I'm using Solr to build a search service for my company. From operation or maybe performance point view, we need to use java to replicate index.
From very high level, my design is similar to what Noble mentioned here. It is like this:
1) First we have an active master, some standby masters and search slaves. The active master handles crawling data and update index; standby masters are redundant to active master. If active master goes away, one of the standby will become active. Standby masters replicate index from active master to act as backup; search slaves only replicate index from active master.
2) On active master, there is a index snapshots manager. Whenever there's an update, it takes a snapshot. On window, it uses copy (I should try fsutil) and on linux it uses hard link..The snapshot manager also clean up old snapshots. From time to time, I still got index corruption when commit update. When that happen, shapshot manager allows us to rollback to previous good snapshot.

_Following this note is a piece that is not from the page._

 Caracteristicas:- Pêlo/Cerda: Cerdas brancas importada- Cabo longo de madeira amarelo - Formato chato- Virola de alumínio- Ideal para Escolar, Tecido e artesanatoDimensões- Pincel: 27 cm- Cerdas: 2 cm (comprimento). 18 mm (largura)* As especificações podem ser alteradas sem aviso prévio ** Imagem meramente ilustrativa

3) On active master, there is a replication server component which listens at a specific port (The reason I did not use http port is I do not use solr as it is. I embed solr in our application server, so go through http would be not very efficient for us). Each standby and slave has replication client component. The following is the protocol between the replication client and server:
a) client ping the a directory server for the location of active master
b) connect to the active master at the specific port
c) handshake: right now just check for version and authentication. in the future, it will negotiate security, compression, etc.
d) client sends SNAPSHOT_OPEN command followed by index name. The master could manage multiple indexes. Server sends index_not_found if index does not exist or ok followed by snapshot name of the latest snapshot;
e) if the index is found, client compares the timestamp with that of local snapshot. The timestamp of snapshot is derived from snapshot name because part of snapshot name is encoded timestamps. If local is newer, tell the server to close the snapshot; otherwise, ask server for a list of files in the snapshot. If ok, server sends ok op, followed by a file list including filename, timestamp, etc.

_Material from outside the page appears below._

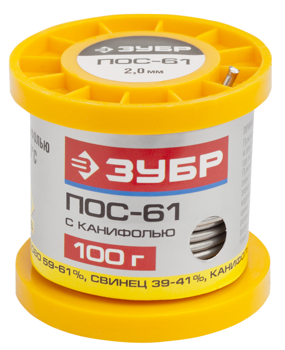 Припой Зубр ПОС-61, ф 2 мм (трубка с канифолью, 100 гр.)

f) client creates a tmp directory and hard link everything from its local index directory, then for each file in the file list, if it does not exit locally, get new file from server; if it is newer than local one, ask server for update like rsync; if local files do not exist in file list, delete them. in the case of compound file is used for index, the file update will update only diff blocks.

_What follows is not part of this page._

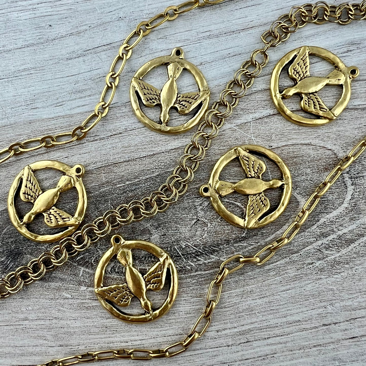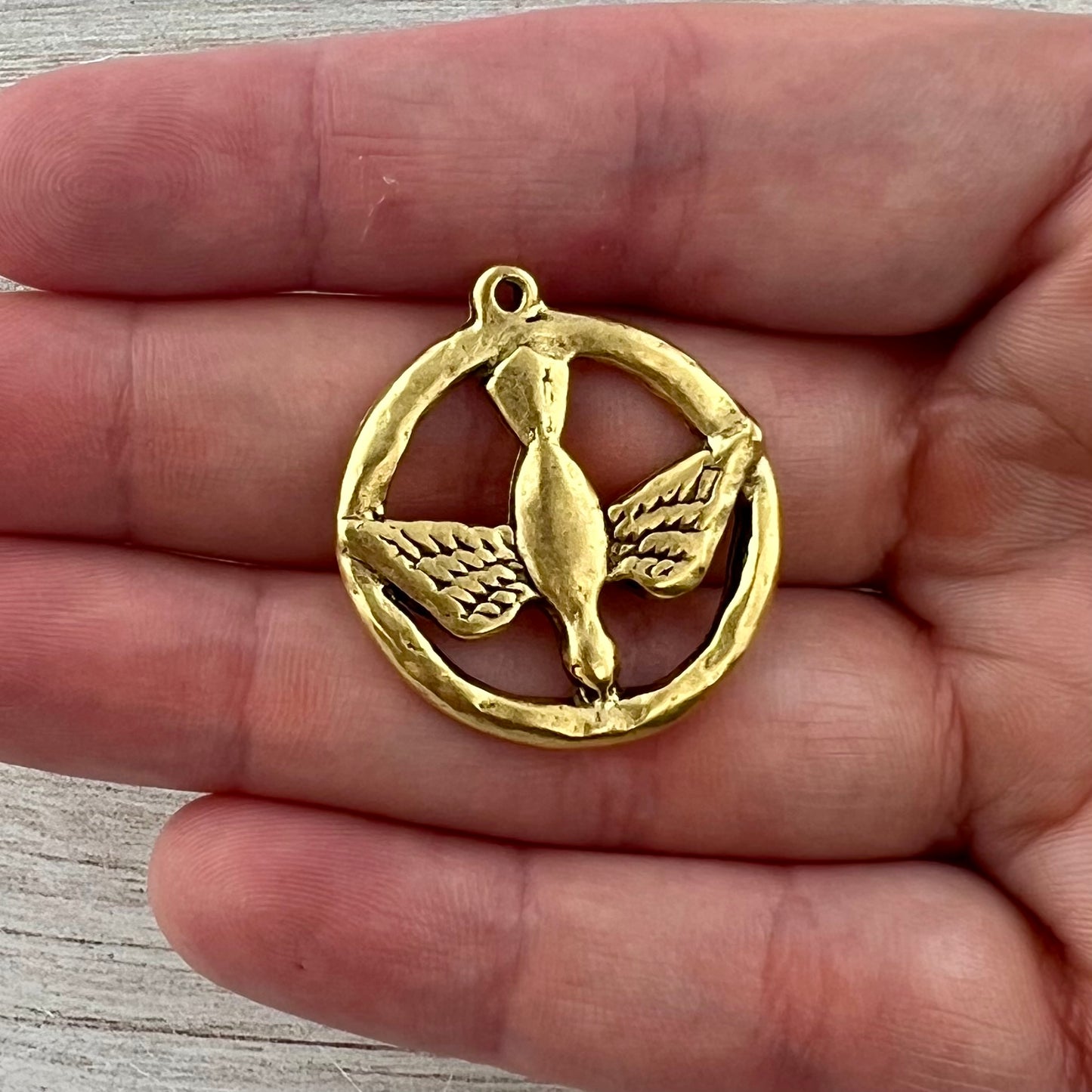 Circle Dove Pendant, Antiqued Gold Circle Charm, Jewelry Findings, GL-6297

g) if everything goes well, tell server to close the snapshot, rename the tmp directory to a proper place, create solr-core using this new index, warmup any cache if necessary, route new request to this solr-core, close old solr-core, remove old index directory.
Right now a client replicates index from active master every 3 mins. for a slow change datasource. It works fine because create new solr-core and warmup cache take less than 3 mins. We plan to use it for a fast changing datasource, so create new solr-core and dump all the cache is not feasible. Any suggestion?